First-steps for ambitious new Centre for regulated bio-manufacture



Picture caption: A high-resolution microscope image of a pancreatic islet, the cellular structures responsible for insulin secretion.

A new multi-million-pound Centre set to host the next-generation of ‘living medicines’ has taken its first steps towards becoming a reality.

The Centre for Regulated Bio-Manufacture (CRBM) is a major R&D project spearheaded by Heriot-Watt University in collaboration with the Scottish National Blood Transfusion Service (SNBTS), the University of Edinburgh and a cluster of biomedical companies in the Lothians. It has today (Tues Aug 11) been awarded funds by UK Research and Innovation’s (UKRI) Strength in Places Fund to develop plans to secure a further £30 million from UKRI later this year.  

If advanced, the Centre will host first-class training facilities and a suite of new laboratories to develop innovative bioengineering, which exploit future ‘living medicines’ relying on tissues, cells, or products from cells, such as antibodies. This area of expertise has come under sharp focus of late as the world strives to manufacture new vaccines and treatments for infectious diseases and conditions including diabetes. Currently, suitable facilities for learning, research and pilot manufacture – designed for innovation and risk-taking research in a ‘regulated’ environment - do not exist.

This ambitious project underlines the University’s ability to combine its unique expertise with those of our partner organisations, in order to deliver a state-of-the-art facility capable of advancing biomedicine.

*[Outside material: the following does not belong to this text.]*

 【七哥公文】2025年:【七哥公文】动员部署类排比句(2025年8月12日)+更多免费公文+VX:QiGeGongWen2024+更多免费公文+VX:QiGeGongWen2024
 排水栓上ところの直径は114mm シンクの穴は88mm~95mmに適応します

Professor Richard A. Williams, Principal and Vice-Chancellor at Heriot-Watt University

Professor Rory Duncan, Senior Academic Lead for Strategy and Development at Heriot-Watt University has been instrumental in the application to the Strength in Places Fund prior to starting his role as Director for Talent and Skills at the UKRI late last year. The ambitious plans are now being led by Professor Marc Desmulliez from Heriot-Watt’s School of Engineering and Physical Sciences (EPS), who has since been appointed project lead.

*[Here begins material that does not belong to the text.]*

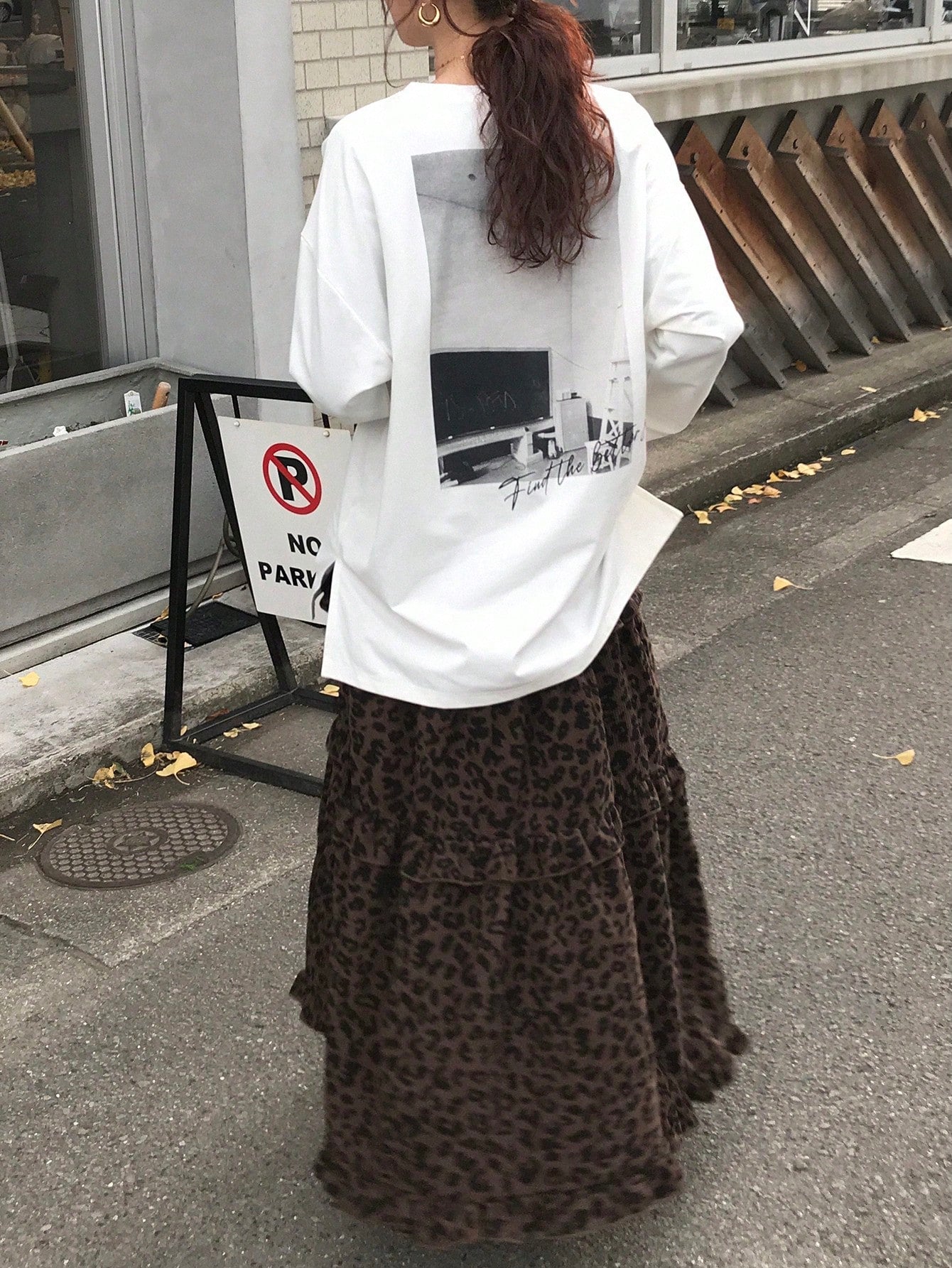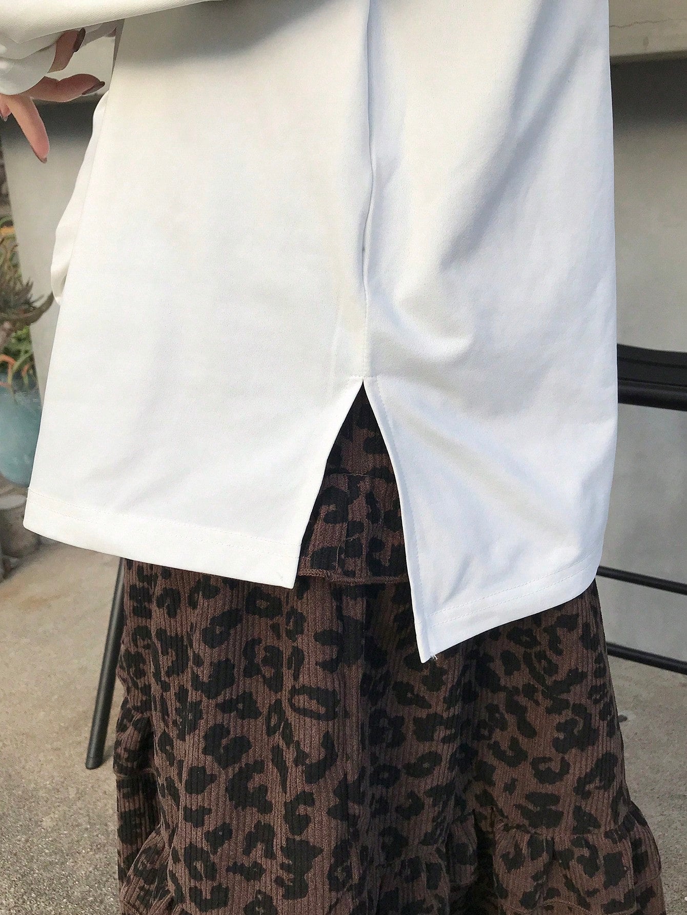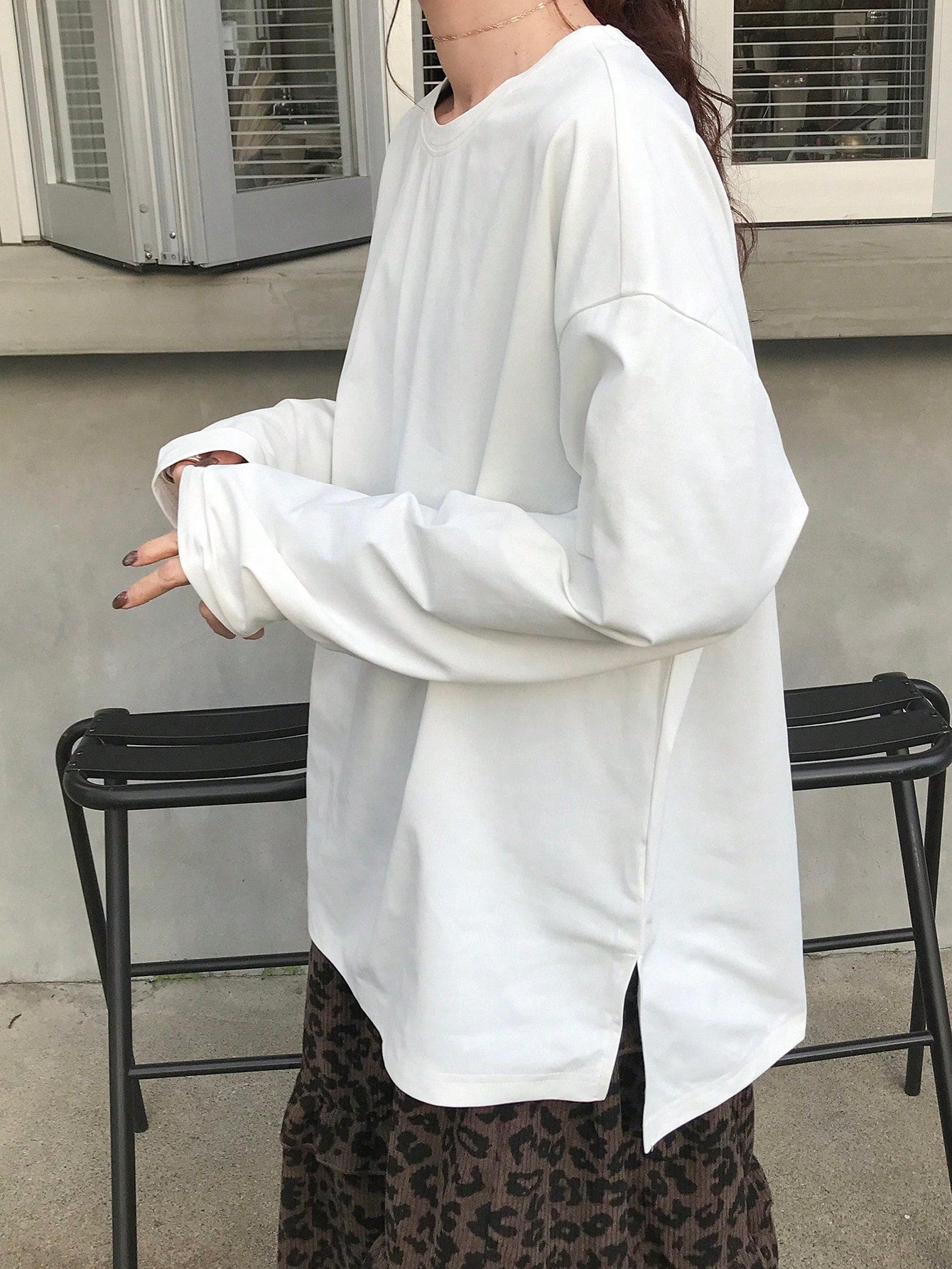 FRIFUL Women Loose Fit White Graphic Long Sleeve T-Shirt, Spring,Fall Clothes

Professor Duncan today welcomed the news, saying: “Heriot-Watt has world-leading clinical trials, biologic manufacturing and advanced therapies expertise clustered on our doorstep. Several of these long-standing employers started as Heriot-Watt spinouts. Combined with our own globally recognised biological chemistry, biophysics and bioengineering, this Centre will act as a focal point to help create over 400 additional jobs in a market expecting to grow from £1Bn in 2018 at a rate of 36.5% per annum to 2025.”

The CRBM is proposed by a consortium spanning academia and business, and led in partnership with the SNBTS, part of NHS Scotland, with close working links with the University of Edinburgh including researchers in the field of diabetes at the centre for cardiovascular science. 

It is earmarked for construction on a vacant plot of land in Heriot-Watt’s Edinburgh campus, close to the new SNBTS Jack Copland Building.

If approved, the Centre will contribute to Scotland’s ambition to double the Life Sciences sector turnover to £8Bn by 2025 and will act as a focus to consolidate an advanced therapies, biologics and manufacturing cluster around Heriot-Watt in the Lothians.

Professor Richard A. Williams, Principal and Vice-Chancellor at Heriot-Watt University, said: “This ambitious project underlines the University’s ability to combine its unique expertise with those of our partner organisations, in order to deliver a state-of-the-art facility capable of advancing biomedicine. 

“It also highlights Heriot-Watt’s position as at the forefront of working towards solutions for the betterment of communities around the world while providing jobs for 21st Century Healthcare.”

In total, 17 consortia spread across the UK have received awards through the Strength in Places Fund. Each project builds on local strengths in industry and research to create significant economic impact, drive local growth, provide skills training and create high-value jobs.  

UKRI lead on the Strength in Places Fund, David Sweeney, said: “Strength in Places is a flagship fund for UKRI. We welcome the focus of the R&D Roadmap in unlocking economic opportunities around local economy in more places around the UK.  

“I am delighted with the range of bids funded across the UK in the second wave of Strength in Places that will foster the local ecosystems to support innovation and sustained growth and strengthen collaboration between industry and our world-class research base.”

The CRBM is currently preparing its bid and interacting with researchers and Companies across the Lothians, which are engaged in the living medicine, biologics, devices and diagnostics product pipeline.